Такой язык Риардену был понятен.
— Мне бы хотелось помочь вам, — проговорил он, — но вы выбрали наихудшее время для просьб, поскольку я выполняю очень большой, особый заказ, имеющий для меня несомненный приоритет.
— Я знаю. Но может быть, вы выслушаете меня, мистер Риарден?
— Конечно.
— Если дело в деньгах, я заплачу столько, сколько вы запросите. Если я могу заинтересовать вас таким образом, что ж, возьмите с меня столько, сколько посчитаете нужным, возьмите двойную цену, только дайте мне сталь. В этом году я могу продавать свои комбайны в убыток себе, чтобы только не закрывать завод. Мне хватит имеющихся средств, чтобы торговать в убыток пару лет, если это окажется необходимым, потому что, как я полагаю, дела не могут оставаться в подобном состоянии слишком долгое время, они должны пойти на поправку, должны наладиться, иначе… — не договорив, Уард твердым тоном заявил: — Они не могут не исправиться.

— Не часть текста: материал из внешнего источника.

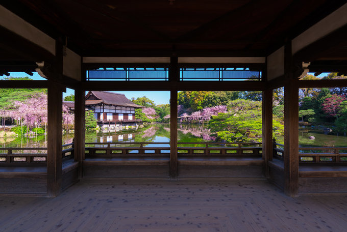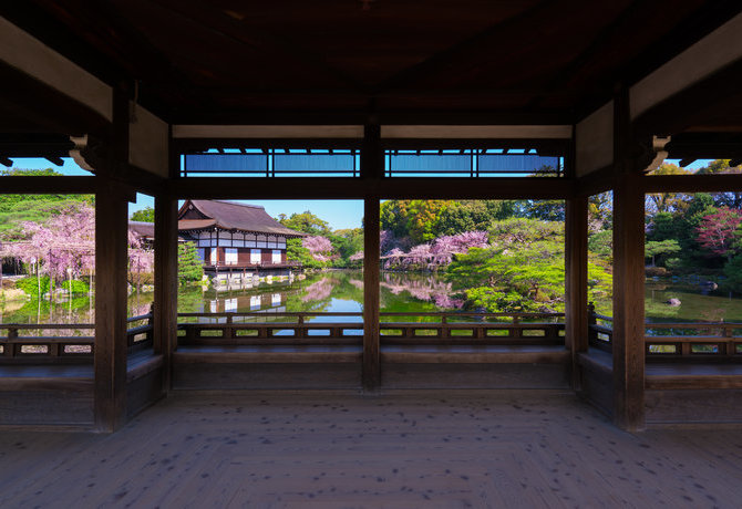 尽管是在 1895 年建成,但平安神宫的巨大红色神殿总是能让人过目不忘,因为它们是仿照原始的平安皇居设计的。神社后方是一座传统庭园,以枝垂樱闻名。神社附近还有京都市京瓷美术馆与京都国立近代美术馆。

— Не могут, — согласился Риарден.
Мысль о «Линии Джона Голта» не оставляла его — как созвучие слов, внушающее лишь уверенность. Строительство дороги продвигалось вперед. Нападки на его металл прекратились. Ему казалось, что, разделенные многомильным расстоянием он и Дагни Таггерт видят ныне новый горизонт, не имеющий препятствий, чтобы закончить работу. «Они оставят нас в покое», — думал он. Слова эти звучали боевым гимном: нас оставят в покое.
— Производительность моего завода составляет тысячу комбайнов в год, — продолжил мистер Уард. — В прошлом году мы выпустили три сотни. Я собирал сталь по распродажам банкротов, выпрашивал по нескольку тонн в крупных компаниях, просто рыскал по самым неожиданным местам, как мусорщик… ну, не буду докучать вам этим рассказом, только признаюсь, что никогда не думал дожить до того времени, когда мне придется вести дела подобным образом. И все это время мистер Оррен Бойль клялся и божился, что поставит мне сталь на будущей неделе. Однако все, что ему удавалось прокатать, по никому не известным причинам отправлялось к его новым клиентам… я, правда, слышал шепоток, что все эти люди пользуются некоторым политическим влиянием. А теперь я просто не в состоянии пробиться к мистеру Бойлю. Он уже целый месяц сидит в Вашингтоне. И вся его контора дружно твердит мне, что не в силах ничем помочь, потому что у них нет руды.